TASK BRIEF:
Could you restate the data below word for word, without its pictures?

DATASET EXCERPTS:
================

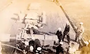 ![]() "After the first shot has been fired. USS Columbia" | |||||||
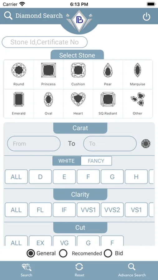 - Specific Search of the diamond you desire.
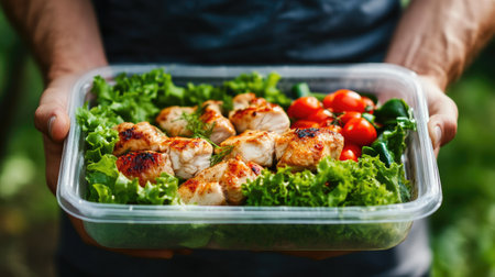 Fitness Meal with Chicken and Veggies Held by Fit Man
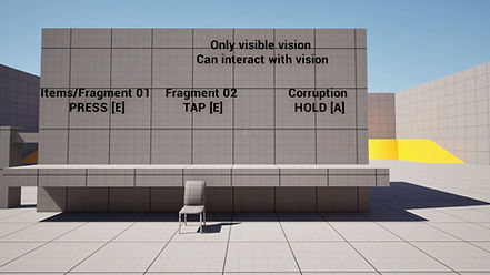 I decided to create several MasterItems containing the collision surface, the static mesh, and the associated widget to keep things flexible in use. Those that require vision have assigned tags that allow them to become visible when vision is activated.
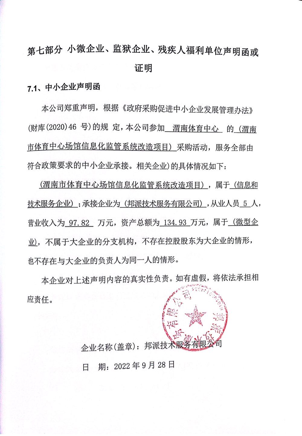 自本公告发布之日起1个工作日。 八、其他补充事宜无 九、凡对本次公告内容提出询问,请按以下方式联系。 1.采购人信息名称:渭南市体育中心 地址:渭南市临渭区乐天大街与渭清路十字西北角 联系方式:0913-3035711 2.采购代理机构信息名称:陕西省采购招标有限责任公司 地址:西安市高新二路2号山西证券大厦8层 联系方式:029-88481271 3.项目联系方式项目联系人:熊磊、刘艳 电话:029-88481271 陕西省采购招标有限责任公司 2022年09月29日 相关附件: 渭南市体育中心场馆信息化监管系统改造项目中标(成交)明细.pdf 渭南市体育中心场馆信息化监管系统改造项目竞争性磋商文件.docx 渭南市体育中心场馆信息化监管系统改造项目竞争性磋商文件分项.docx 中小企业声明函.jpg 十一、其他事项: ------------------------------------招标信息结束---------------------------- 标签: 渭南市 场馆 体育中心 改造项目 公告 系统 上一篇: 2022年9月29日奈曼旗新镇人民政府2022年新镇扶持发展壮大集体经济项目结果公告 最新5000条招标信息列表: 滚动招标 |
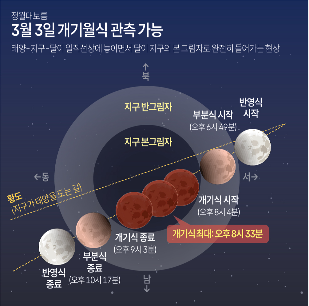 3월 3일 개기월식 시간: 정월대보름 저녁 8시
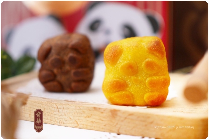 今(105)年新品 巧克力奶黃 口味,鎖定年輕族群加上熊貓圖樣鐵盒...
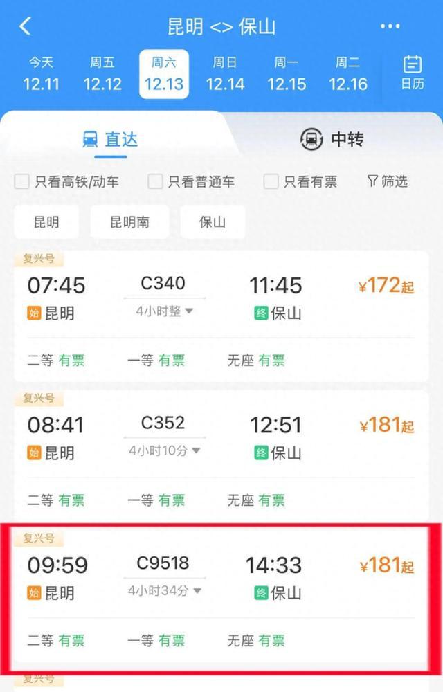 12月13日增开C9518次昆明→保山列车,赛前送你直达赛场。
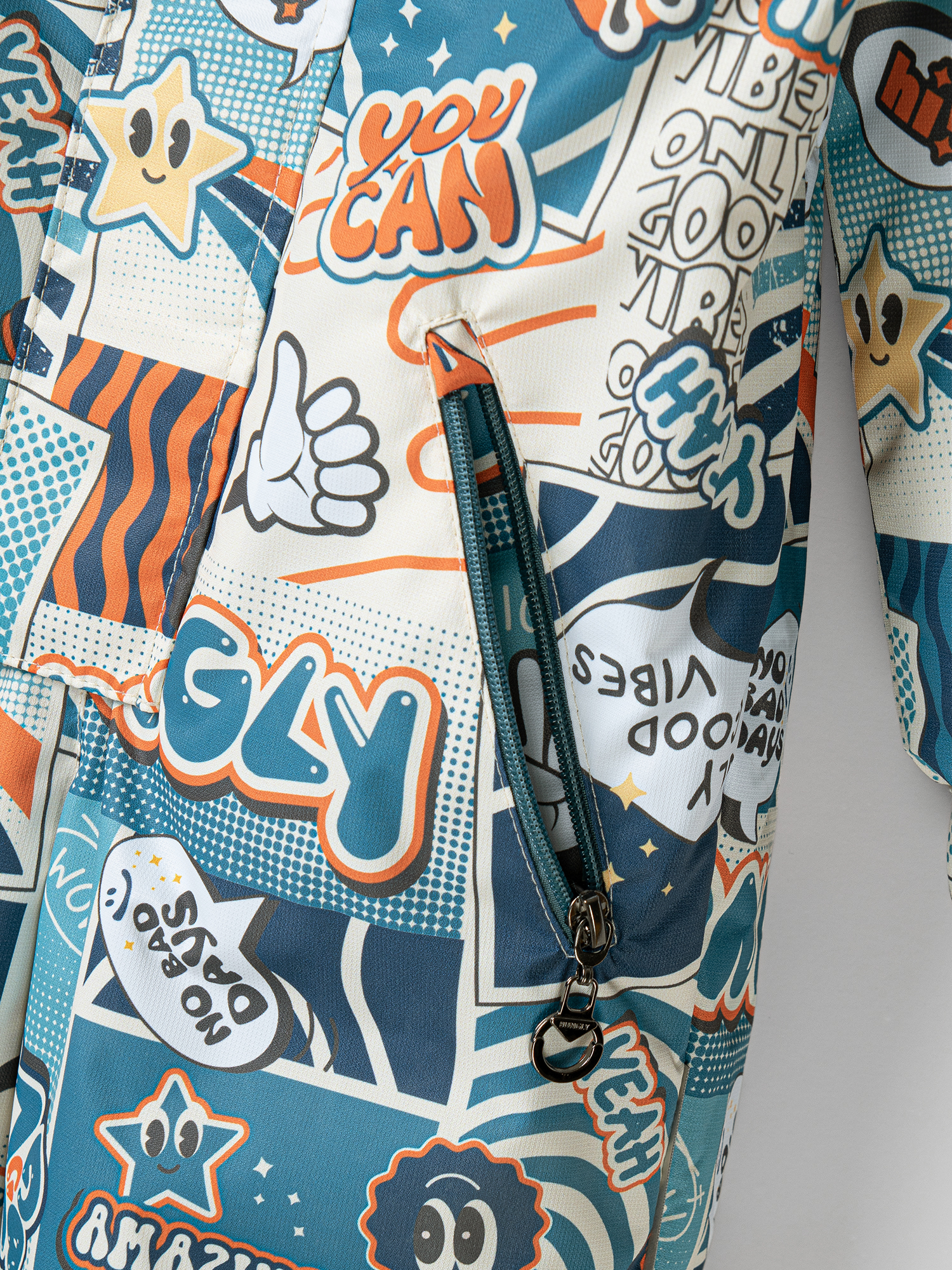 Застежка на молнию с защитой от защемления и ветрозащитной планкой на магнитных кнопках.

================

COMPLETED TASK:
 ![]() "After the first shot has been fired. USS Columbia" | |||||||
 - Specific Search of the diamond you desire.
 Fitness Meal with Chicken and Veggies Held by Fit Man
 I decided to create several MasterItems containing the collision surface, the static mesh, and the associated widget to keep things flexible in use. Those that require vision have assigned tags that allow them to become visible when vision is activated.
 自本公告发布之日起1个工作日。 八、其他补充事宜无 九、凡对本次公告内容提出询问,请按以下方式联系。 1.采购人信息名称:渭南市体育中心 地址:渭南市临渭区乐天大街与渭清路十字西北角 联系方式:0913-3035711 2.采购代理机构信息名称:陕西省采购招标有限责任公司 地址:西安市高新二路2号山西证券大厦8层 联系方式:029-88481271 3.项目联系方式项目联系人:熊磊、刘艳 电话:029-88481271 陕西省采购招标有限责任公司 2022年09月29日 相关附件: 渭南市体育中心场馆信息化监管系统改造项目中标(成交)明细.pdf 渭南市体育中心场馆信息化监管系统改造项目竞争性磋商文件.docx 渭南市体育中心场馆信息化监管系统改造项目竞争性磋商文件分项.docx 中小企业声明函.jpg 十一、其他事项: ------------------------------------招标信息结束---------------------------- 标签: 渭南市 场馆 体育中心 改造项目 公告 系统 上一篇: 2022年9月29日奈曼旗新镇人民政府2022年新镇扶持发展壮大集体经济项目结果公告 最新5000条招标信息列表: 滚动招标 |
 3월 3일 개기월식 시간: 정월대보름 저녁 8시
 今(105)年新品 巧克力奶黃 口味,鎖定年輕族群加上熊貓圖樣鐵盒...
 12月13日增开C9518次昆明→保山列车,赛前送你直达赛场。
 Застежка на молнию с защитой от защемления и ветрозащитной планкой на магнитных кнопках.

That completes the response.